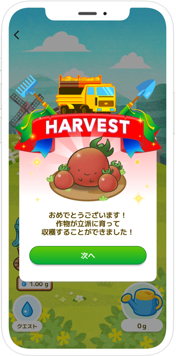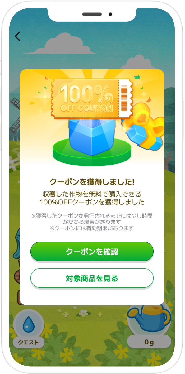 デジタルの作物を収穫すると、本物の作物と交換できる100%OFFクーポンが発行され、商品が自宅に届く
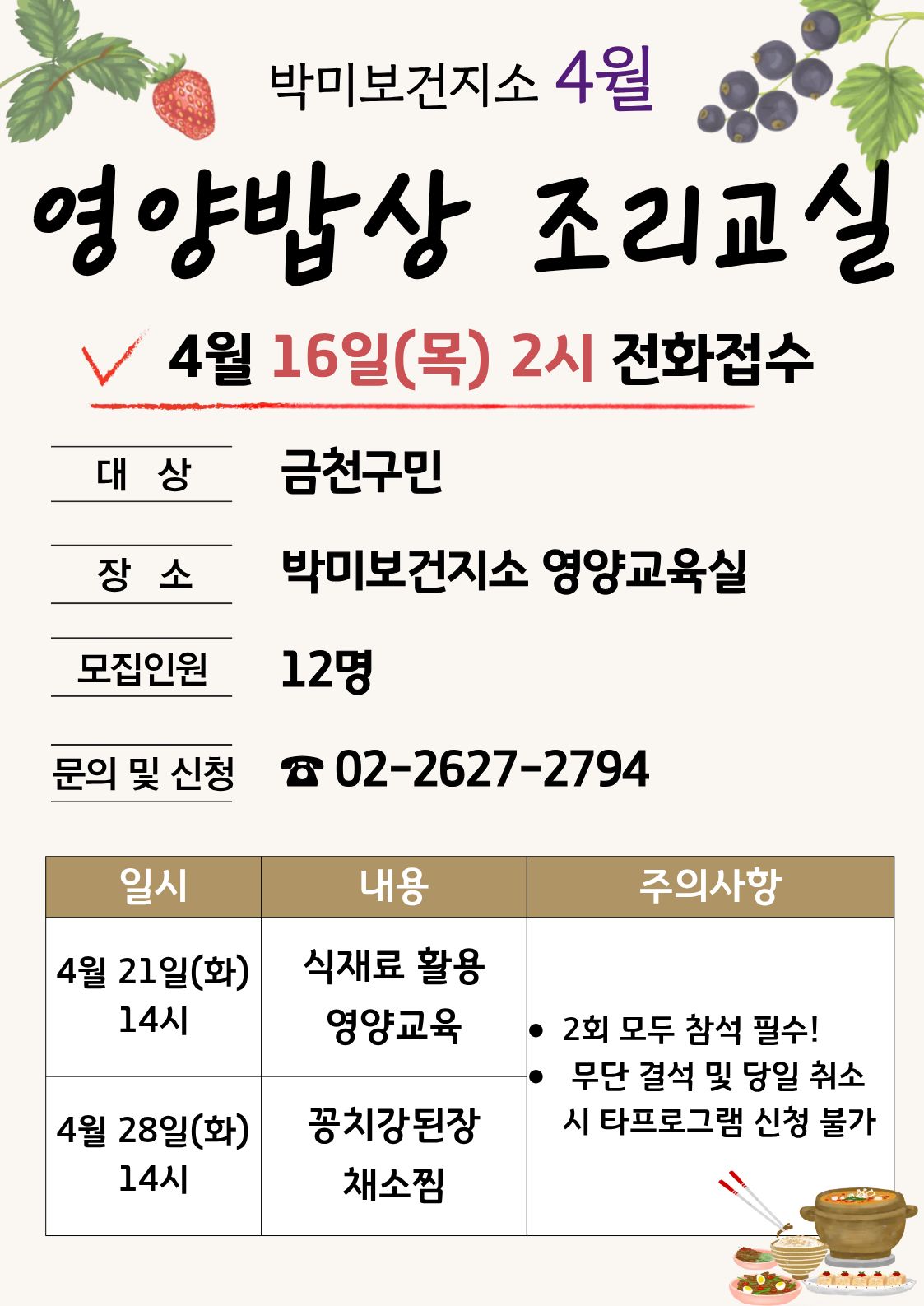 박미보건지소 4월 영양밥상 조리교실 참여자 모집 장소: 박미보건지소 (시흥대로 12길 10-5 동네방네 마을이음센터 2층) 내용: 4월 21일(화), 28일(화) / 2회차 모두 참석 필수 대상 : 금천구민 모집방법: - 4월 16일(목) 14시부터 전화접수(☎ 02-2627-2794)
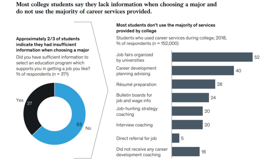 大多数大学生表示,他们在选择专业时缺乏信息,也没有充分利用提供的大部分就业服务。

** INSTRUCTIONS FOR THE TASK **
Once the pictures are set aside, restate the remaining data above exactly.

** WRITTEN SOLUTION **
 デジタルの作物を収穫すると、本物の作物と交換できる100%OFFクーポンが発行され、商品が自宅に届く
 박미보건지소 4월 영양밥상 조리교실 참여자 모집 장소: 박미보건지소 (시흥대로 12길 10-5 동네방네 마을이음센터 2층) 내용: 4월 21일(화), 28일(화) / 2회차 모두 참석 필수 대상 : 금천구민 모집방법: - 4월 16일(목) 14시부터 전화접수(☎ 02-2627-2794)
 大多数大学生表示,他们在选择专业时缺乏信息,也没有充分利用提供的大部分就业服务。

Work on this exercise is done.